A tali difficili condizioni ci si chiede quanto potrà resistere l’area siriana controllata dalla Turchia, che Ankara considera come se fosse destinata a restare sempre sotto il proprio controllo. Il problema strategico turco è triplice: gestire i rifugiati con una politica di rientro; sostenere le milizie nella zona di Idlib; premere sui curdi del Rojava.

Ankara spera in un nuovo capitolo delle sue relazioni con Damasco basato su una partnership che annulli l’autogoverno curdo nel nord della Siria. Dal canto suo il regime di Assad chiede alla Turchia di porre fine alla sua presenza militare e al sostegno dei ribelli armati nell’area di Idlib.

Per Damasco, Hts e le altre milizie sono jihadisti da annientare senza distinzioni. Uno scambio tra queste due posizioni non è ancora possibile perché né Ankara né la Siria hanno intenzione di cedere. Ma forse qualcuno sta già lavorando a un compromesso che, ovviamente, rende nervose le milizie.

C’è infine da considerare l’opinione pubblica: sia quella turca sia dei rifugiati siriani. Anche se vengono promesse loro condizioni favorevoli, la maggior parte dei siriani in Turchia non è disposta a tornare indietro.

Secondo un sondaggio commissionato dall’Unhcr, la percentuale di siriani che affermano di non voler tornare è aumentato dal 16 per cento del 2017 al 77 per cento del 2020, tanto che il numero di siriani in Turchia è aumentato nel corso degli anni nonostante i rimpatri forzati, attestandosi a 3,7 milioni a fine aprile di quest’anno.

C’è anche da considerare che 754mila bambini siriani sono nati in Turchia, come calcolato dal ministero della Salute turco. Secondo lo stesso sondaggio, il 90 per cento dei turchi crede che i siriani stiano in Turchia per restare ma l’85 per cento degli intervistati desidera che i rifugiati vengano rimandati indietro o confinati nei campi.

Il 98 per cento dei siriani ora vive nei centri urbani della Turchia.
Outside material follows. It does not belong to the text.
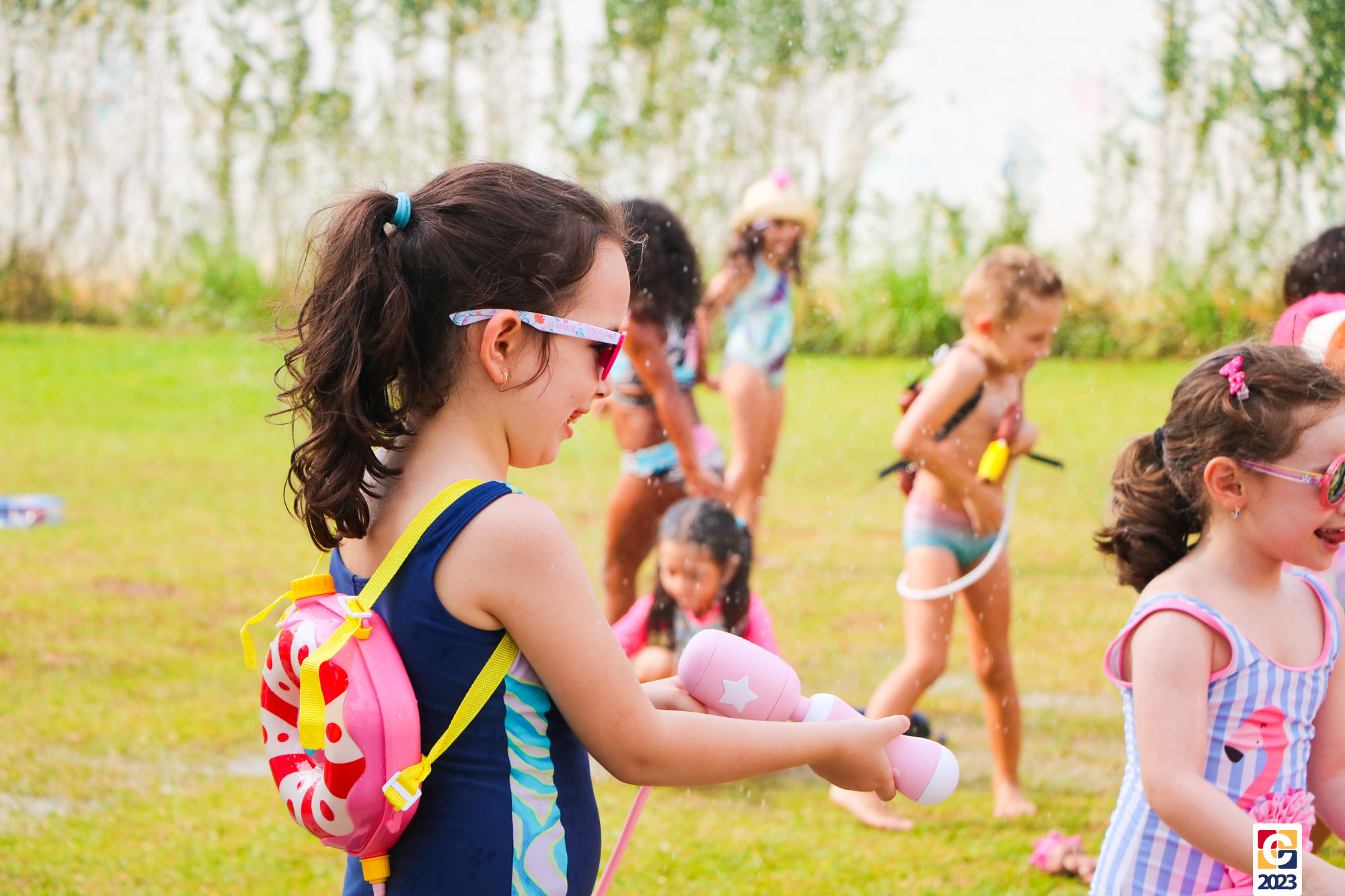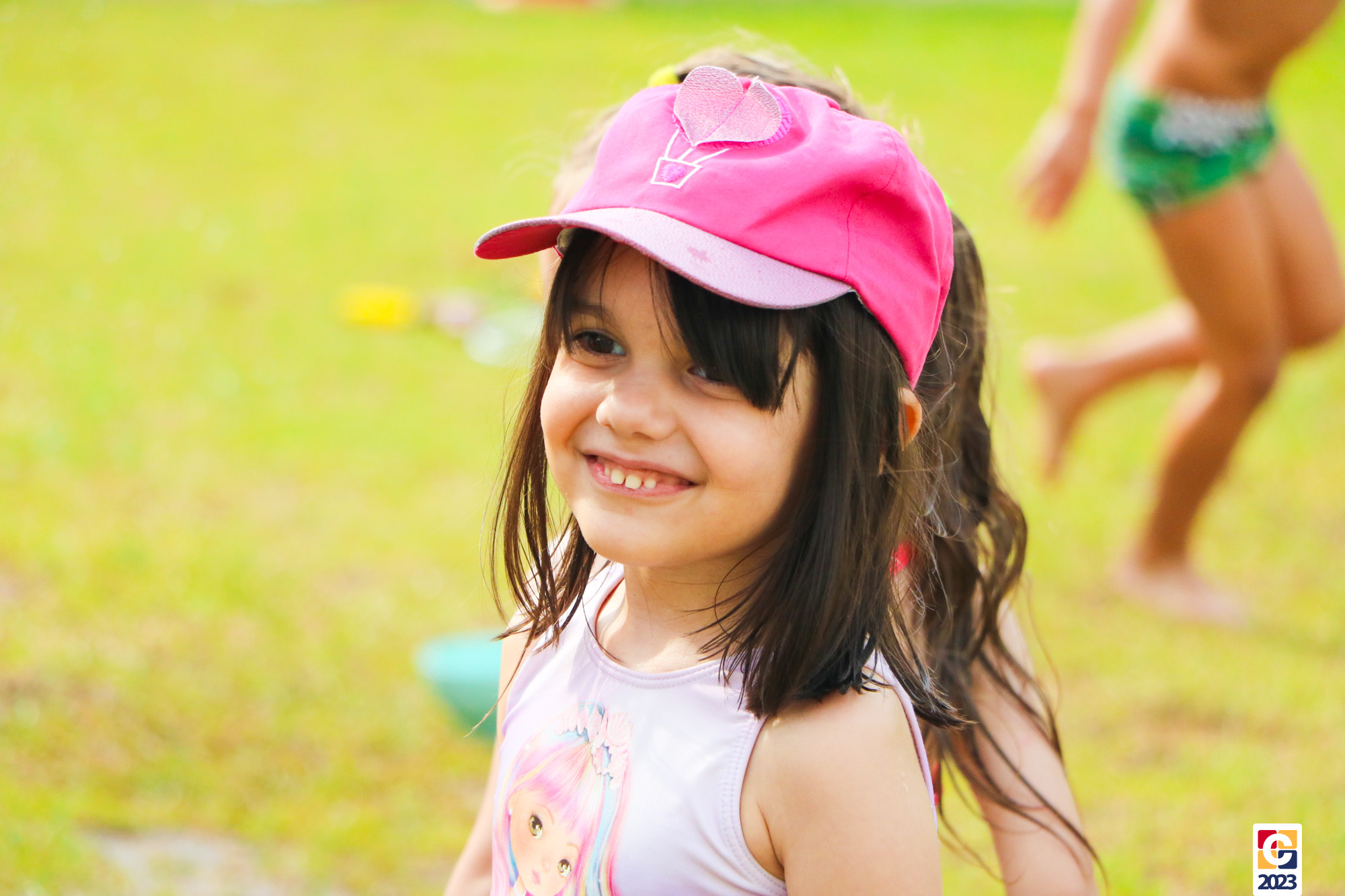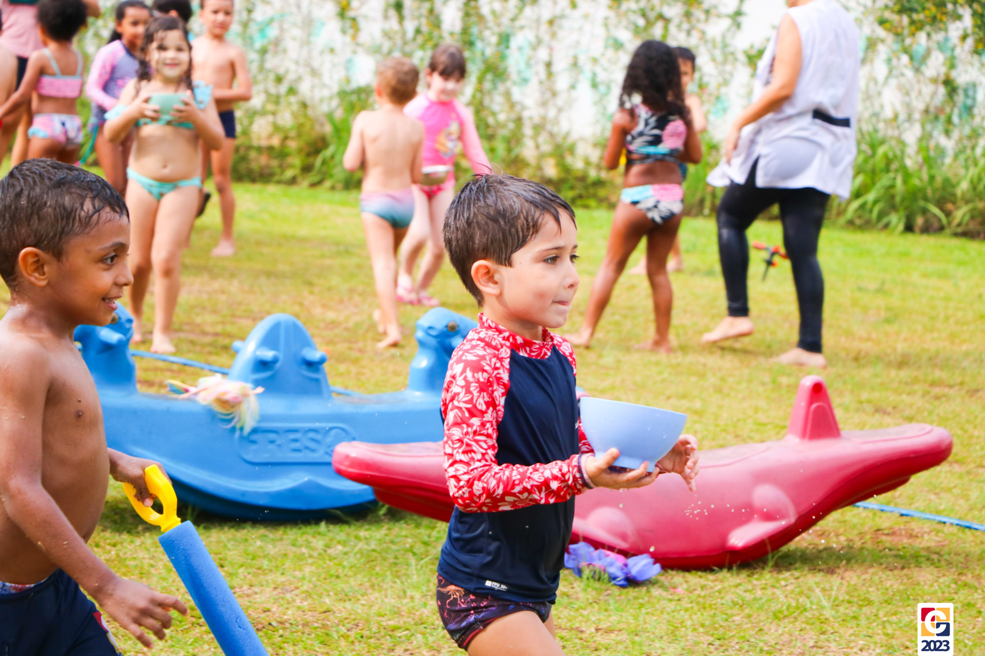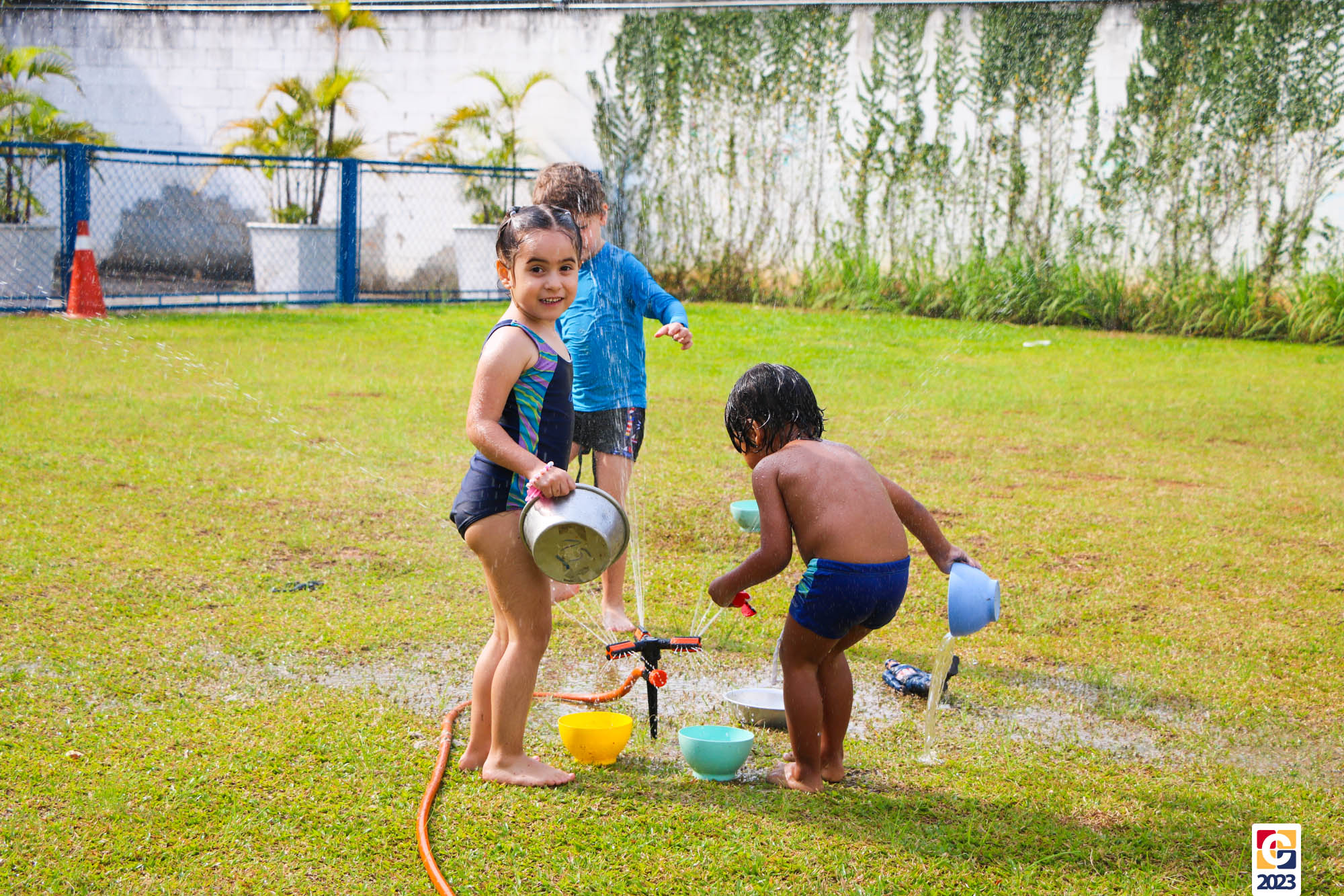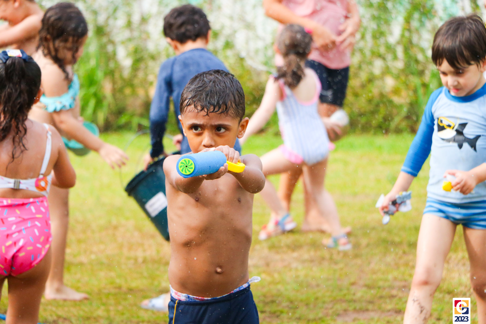 Professoras, assistentes e crianças, unidos pela alegria, esguichavam água uns nos outros em mais um dia mágico, desses que ficam gravados para sempre nas memórias de infância. 💧

A fronte di questa convivenza de facto, solo il sette per cento dei turchi sostiene l’integrazione mentre oltre l’85 per cento è contrario alla concessione della cittadinanza. Tuttavia al 31 marzo di quest’anno circa 201mila siriani sono diventati cittadini turchi e quasi 114mila di loro hanno acquisito il diritto al voto, secondo il ministero dell’Interno.